Taking into account the regression results and cross validation results, I would like to select the final model from the old engineered model and the new engineered models, which are both feature engineered, one from the original dataset and one from from even-outcome dataset. Shown in Figure 5A and 5B, the advantage from the model with engineered features and from the original dataset (old engineered model) is that it has a slightly better (by 0.05) goodness of fit. Shown in the code output below, it also has a higher Specificity (by 0.14). But the model with engineered features and from the even outcome dataset (new engineered model) has a significantly higher Sensitivity (by 0.24). Given the HCD case, even though it is important to predict the True Positives right, the past record has shown that there are a lot of people rejecting the credit program even though they are eligible and would take the credit. The features visualizations (Figure 1A-3B) show that there are no strong predictors for those who would take the credit program, at least not with the data provided. Even though the new engineered model significantly increased Sensitivity of the model, it comes with great costs of the accuracy of the model. Predicting the non-takers (Specificity) right is also important to not waste resources. Therefore, for now, as the true positives are not a promising guarantee of enhanced public good and the false positives waste resources, it is best to have a generally balanced and accurate model to perhaps avoid wasting marketing resources and accumulate data to develop a stronger model in predicting the True Positives in the future. So the old engineered model is chosen for further analysis.

Confusion Matrix

The first output is for the old engineered model and the second output is for the new engineered model.

# old data
dat_engTest <- dat_engTest[!dat_engTest$inflation.cat=="inflation2.5_3.5",]
testProbs <- data.frame(Outcome = as.factor(dat_engTest$y_numeric),
                        Probs = predict(datModel_eng, dat_engTest, type= "response"))
testProbs <- 
  testProbs %>%
  mutate(predOutcome  = as.factor(ifelse(testProbs$Probs > 0.5 , 1, 0)))

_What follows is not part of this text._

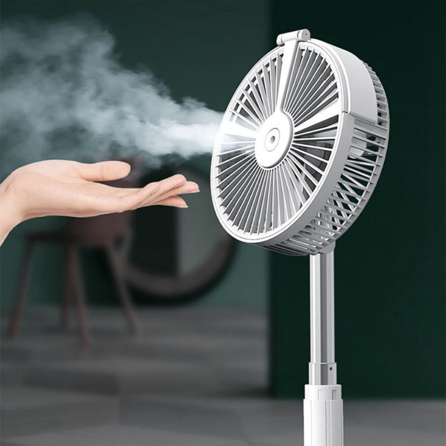 พัดลมยืดหดได้แบบพับได้พัดลมเขย่าหัวยูเอสบีแบบพกพาตั้งโต๊ะขนาดเล็กพาวเวอร์แบงค์สำหรับตั้งพื้นพัดลมสเปรย์เพิ่มความชื้น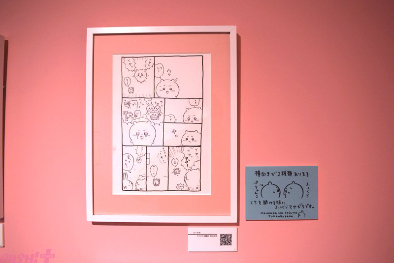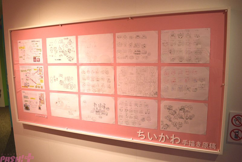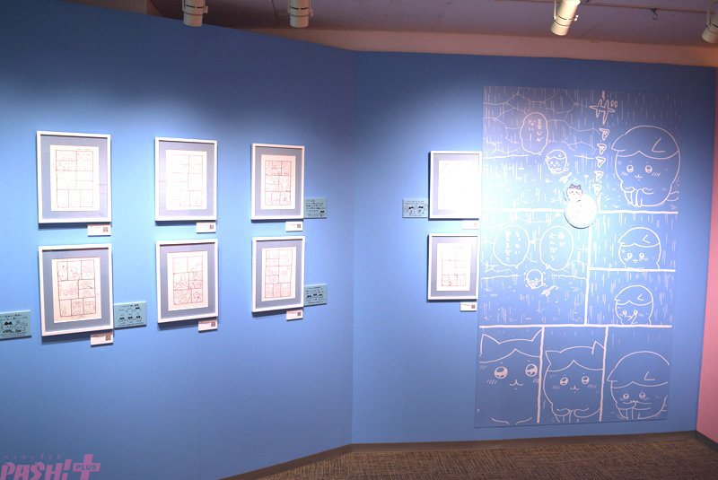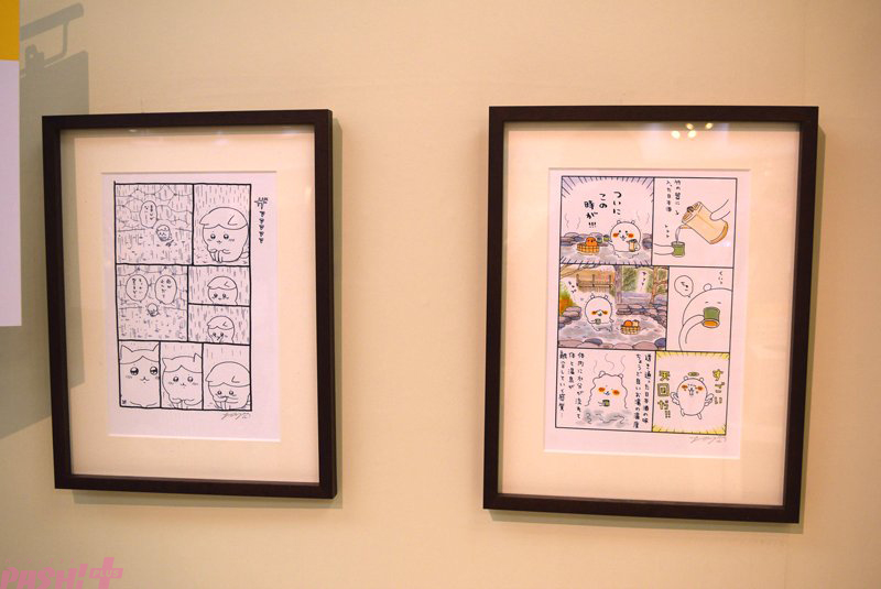 2017年5月に誕生し、今ではTVアニメも放送されている『ちいかわ』。本展ではTwitterに投稿される漫画の原画だけでなく、コラボなどの手書き原稿も展示されています。また、ナガノさんの原画への直筆コメントやキャラクター、キーワード紹介もファン必見です。

caret::confusionMatrix(testProbs$predOutcome, testProbs$Outcome, 
                       positive = "1")
## Confusion Matrix and Statistics
## 
##           Reference
## Prediction    0    1
##          0 1253  118
##          1   29   39
##                                             
##                Accuracy : 0.8978            
##                  95% CI : (0.881, 0.913)    
##     No Information Rate : 0.8909            
##     P-Value [Acc > NIR] : 0.212             
##                                             
##                   Kappa : 0.3005            
##                                             
##  Mcnemar's Test P-Value : 0.0000000000003925
##                                             
##             Sensitivity : 0.24841           
##             Specificity : 0.97738           
##          Pos Pred Value : 0.57353           
##          Neg Pred Value : 0.91393           
##              Prevalence : 0.10910           
##          Detection Rate : 0.02710           
##    Detection Prevalence : 0.04726           
##       Balanced Accuracy : 0.61289           
##                                             
##        'Positive' Class : 1                 
## 
# new data
new_testProbs <- data.frame(Outcome = as.factor(new_dat_engTest$y_numeric),
                        Probs = predict(new_datModel_eng, new_dat_engTest, type= "response"))

new_testProbs <- 
  new_testProbs %>%
  mutate(predOutcome  = as.factor(ifelse(new_testProbs$Probs > 0.5 , 1, 0)))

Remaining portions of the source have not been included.